Who Is Iliad and Why Does It Want Buy T-Mobile?

Iliad isn't quite a household name stateside, but that hasn't stopping the French upstart carrier from making an unsolicited acquisition offer to Un-carrier T-Mobile (NYSE: TMUS  ) . Iliad operates under the Free brand, which has been called the "T-Mobile of France" as a disruptive challenger.

On the same day that T-Mobile reported earnings last week, Iliad offered $15 billion to acquire a majority stake in T-Mobile. The company is hoping to buy 57% of T-Mobile at $33 per share, but also values the remaining 43% at $40.50 per share assuming that the theoretically combined company could realize $10 billion of synergies.

T-Mobile shareholders had a lot to be happy about. Not only did the company add 1.5 million customers and put up a healthy profit, but it also has a possible bidding war on the horizon that could drive shares even higher.

Sprinting ahead
Of course, it is speculated that Sprint (NYSE: S  ) and Softbank have been trying to put together a bid for T-Mobile, despite very public regulatory opposition on the idea. When two of the four largest carriers want to consolidate, it's a hard sell that competition and consumers will come out ahead in the end.

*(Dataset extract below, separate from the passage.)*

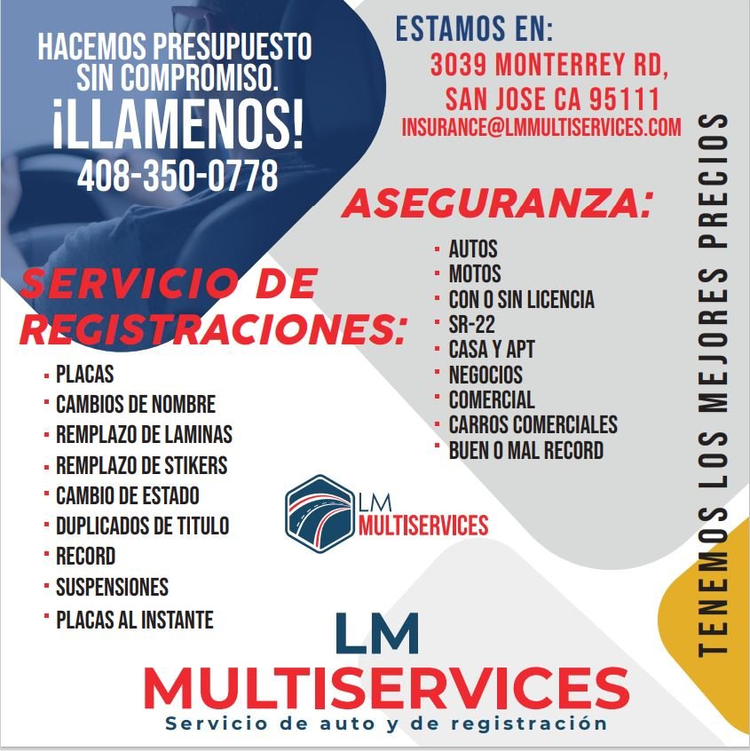 When it comes to protecting your assets, put them in the hands of someone you can trust. LM Multiservices is an insurance agency in San Jose, CA with four years of industry experience fully committed to providing high-quality services and matching you with the insurance coverage you need for premiums that won't break your budget. No matter what your needs may be, there's an insurance plan for you and we would be more than happy to help you select the right one.

It's worth noting that Iliad does have a regulatory advantage. Since Iliad currently does not operate in the U.S. at all, its proposal may not raise an antitrust issue regarding competition. On the other hand, a Softbank acquisition has already raised regulatory eyebrows since the No. 3 and No. 4 domestic carriers would be merging.

Operationally, Sprint and T-Mobile would go together better. Since they do operate in the same market, there would be greater synergies with employees, as well as all-important spectrum.

The bigger picture
There has been a bit of cross-pollination within the global telecommunications industry in recent years. Japan's Softbank acquired a majority stake in Sprint in 2012. AT&T is interested in expanding into Europe, and was reportedly even considering a massive acquisition of Vodafone. Verizon Communications bucked the trend and bought out Vodafone's 45% stake in Verizon Wireless.

T-Mobile itself only went public last year after the company merged with MetroPCS, and German parent Deutsch Telekom decided to sell part of its stake. The German company retains a majority stake in the Un-carrier (67% as of March), so it still calls the shots.

Deutsch Telekom doesn't think Iliad's $33 per share offer is competitive compared to the Sprint deal, which is reportedly closer to $40 per share. Still, the regulatory differences in the two deals can't be understated, and the Sprint deal is fraught with risks. If Sprint does move forward with a $40 per share offer, regulators could still potentially block the deal. If that happened, $33 per share looks just fine.

This broader trend is only set to continue if either of the purported deals goes through; either Japan's Softbank (via Sprint) could grab a piece of T-Mobile, or France's Iliad could.

Win-win-win
Regardless of how these storylines play out, T-Mobile is enjoying every minute of it. First and foremost, the whole reason T-Mobile is attracting suitors in the first place is because its aggressive tactics are proving incredibly successful. Even if no bid emerges, continuing on its current trajectory simply means continued success.

Because of the risks involved in the Sprint deal, there is a reportedly a $2 billion break-up fee if it falls through, up from a previously reported $1 billion break-up fee. If Sprint proposes a deal and it subsequently gets blocked, T-Mobile gets a handsome consolation prize. Sound familiar?

T-Mobile also now has even greater negotiating leverage. T-Mobile shareholders would be clear winners if a bidding war emerges and a deal is completed. Sounds like a win-win-win situation for T-Mobile.